Dat is ook meteen de kritiek op de huidige situatie. Het aanbod van CIFF, ooit de plek om zaken te doen, is nu volgens sommigen achteruit aan het gaan. "Fashion Week is killing itself," laat Kate Lindner van herenlabel Jameson zelfs weten. Ondanks dat zij goed gescoord heeft, vindt Lindner het jammer dat de mode door de afsplitsing van merken uit het hogere segment zo wordt gespreid over de stad. Inderdaad, logistiek is het bijna niet te doen om de drie beurzen in korte tijd te bezoeken. Een andere veelgehoorde klacht is die van de jonge, nieuwe designer die denkt dat hij beter op een andere beurs had kunnen staan (lees: op Gallery i.p.v. Vision of op Vision i.p.v. CIFF). Zo laat Karin Säby, die met haar label Säby op Vision staat, weten dat zij meer aandacht van de pers heeft gehad dan van eventuele klanten. Dat duidt er op dat zij misschien beter op Gallery had kunnen staan. Maar, voegt ze er meteen aan toe, het is haar eigen schuld; ze was te laat met aanmelden. Wel heeft Säby waarschijnlijk een agent in het Midden Oosten gevonden en dat is natuurlijk ook niet niks. Craig de Groot van het nieuwe label Noir valt de hoeveelheid Nederlandse pers op. Maar hij denkt wel dat hij op de juiste beurs staat. "Het is hier een goede representatie van merken, een goede lay-out en mix van accessoires en apparel. Dat trekt de juiste mensen," zegt hij over Vision.
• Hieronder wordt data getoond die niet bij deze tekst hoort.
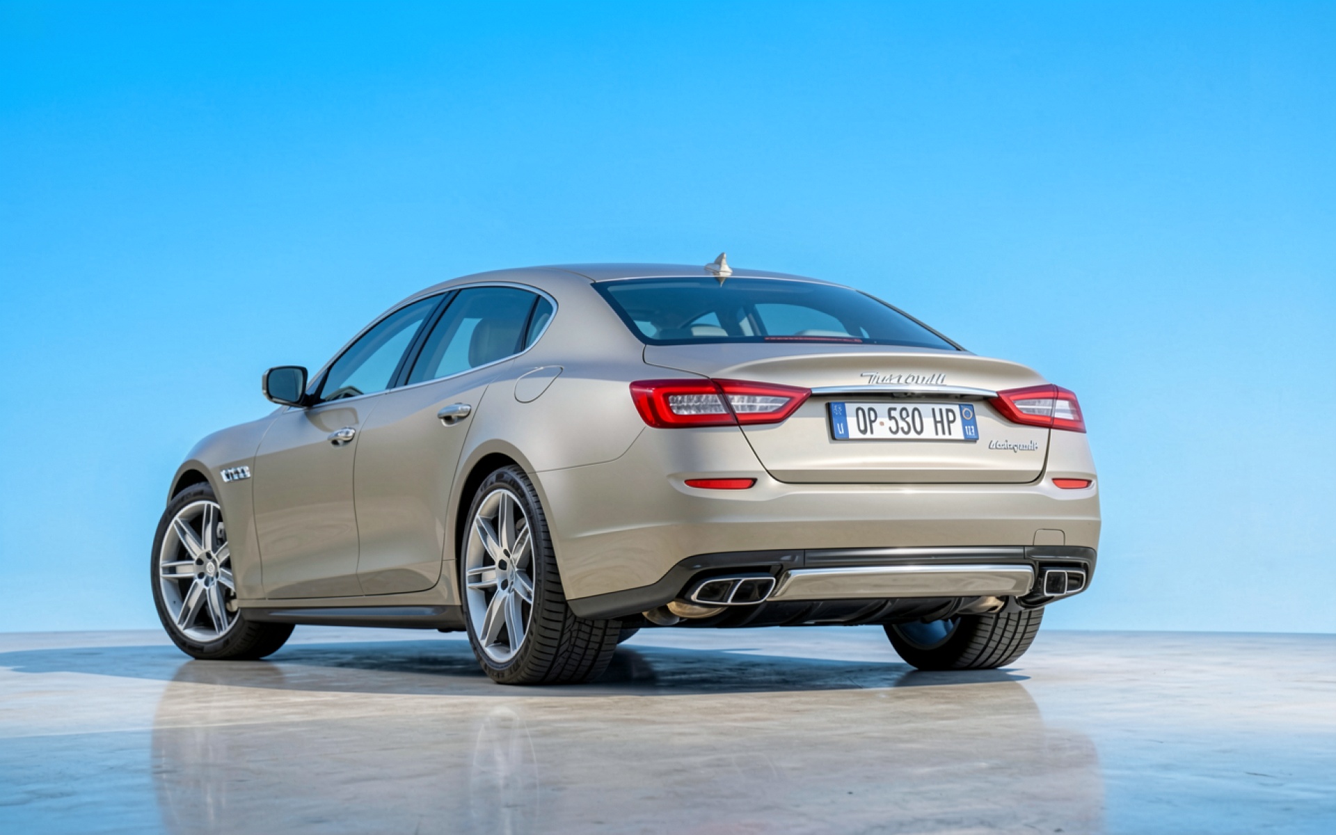 Золотой автомобиль Maserati Quattroporte на светлом фоне
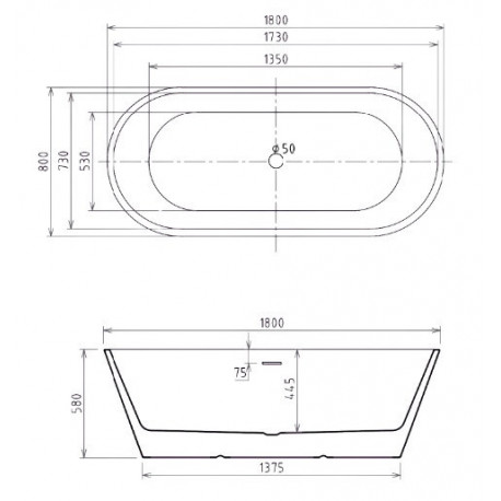 Vaňa voľne stojaca Oválna Besco Deeva 180x80 cm biely lesklá, z prepadom szczelinowym + maskownica odpływu biela
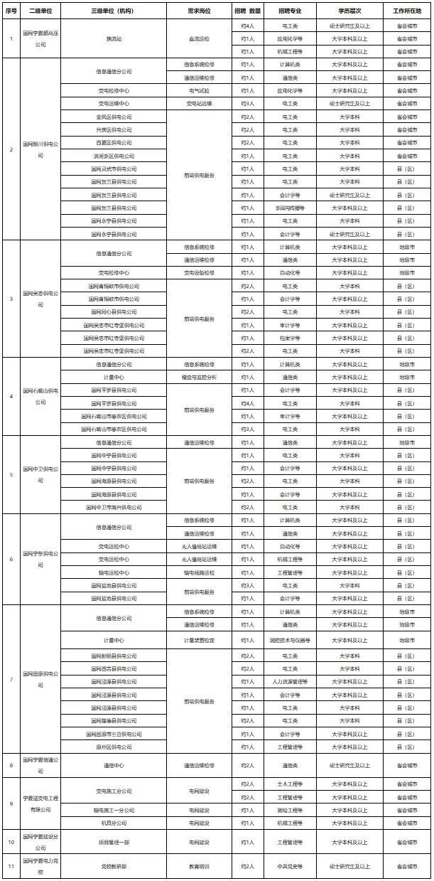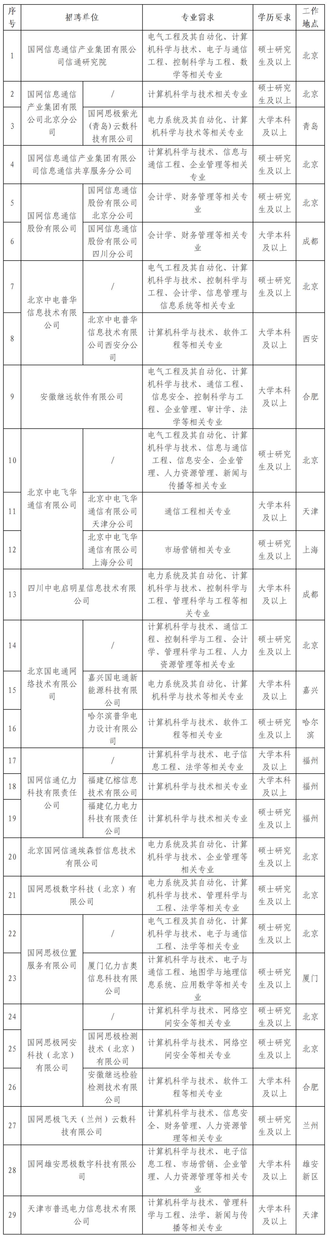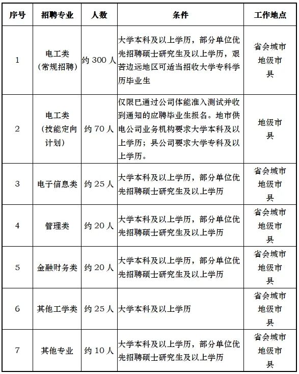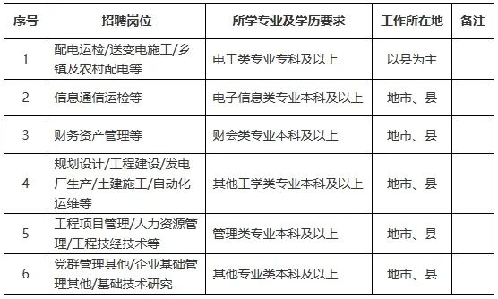 (二)招聘崗位:規(guī)劃、建設(shè)、運?、運維檢修、營銷、信息通信、物資和培訓(xùn)教育等專業(yè)?線崗位。
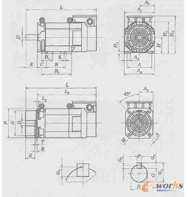 電動機的安裝型式為底腳安裝或凸緣安裝。電動機的基本軸伸型式為鍵槽軸伸。反饋元件可安裝于電動機后罩內。
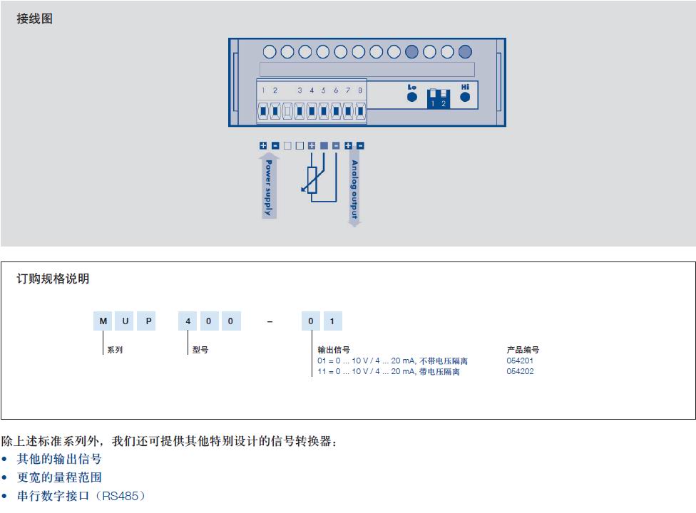 MUP400專為位移傳感器配置的電腦控制接口模塊,簡單的Teach-in功能,適合移動電位計傳感器連接,高于/低于理論測量范圍 德國原裝產品,高速測量刷新速率-可達7.5kHz,電氣隔絕屏蔽可選 (DC/DCtransformer),24位Sigma-Delta-AC轉換器,標準輸出信號:0 ... 10 V;4...20mA。極低的溫漂(20 ppm/K),標準導軌固定安裝,符合DIN EN 50022標準。
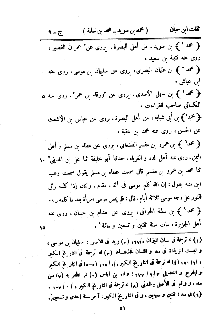 15135 - مُحَمَّد بن سَلمَة الْحَرَّانِي يروي عَن هِشَام بن حسان روى عَنْهُ أهل الجزيرة مَاتَ سنة ثِنْتَيْنِ وَتِسْعين وَمِائَة
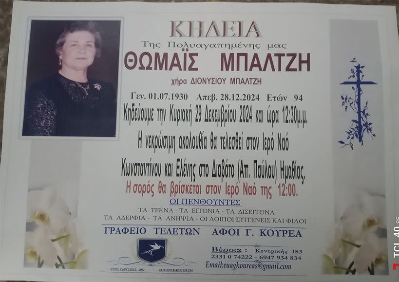Έφυγε από τη ζωή και κηδεύτηκε σήμερα Κυριακή 29 Δεκεμβρίου 2024 στις 12.30 μ.μ. από τον Ιερό Ναό Αγ. Κωνσταντίνου και Ελένης στο Διαβατό Ημαθίας η Θωμαϊς Μπαλτζή σε ηλικία 94 ετών.

En dat is wel de algehele tendens: Ondanks de rustige en relaxte indruk die de beursvloeren wekten wordt er goed zaken gedaan in Denemarken. De meeste bezoekers, afkomstig uit Denemarken, Zweden, Finland, Noorwegen en Duitsland, wat Japanners, Russen en een enkeling uit het Midden Oosten wisten hun weg te vinden en hoewel je zou denken dat drie beurzen en tig modeshows genoeg te bieden hebben om ook als Nederlandse detaillist een reisje Kopenhagen te boeken (al is het alleen maar voor het Smørrebrød en het knusse (vast een Deens woord) haventje) leek het aantal Nederlanders minder dan voorheen.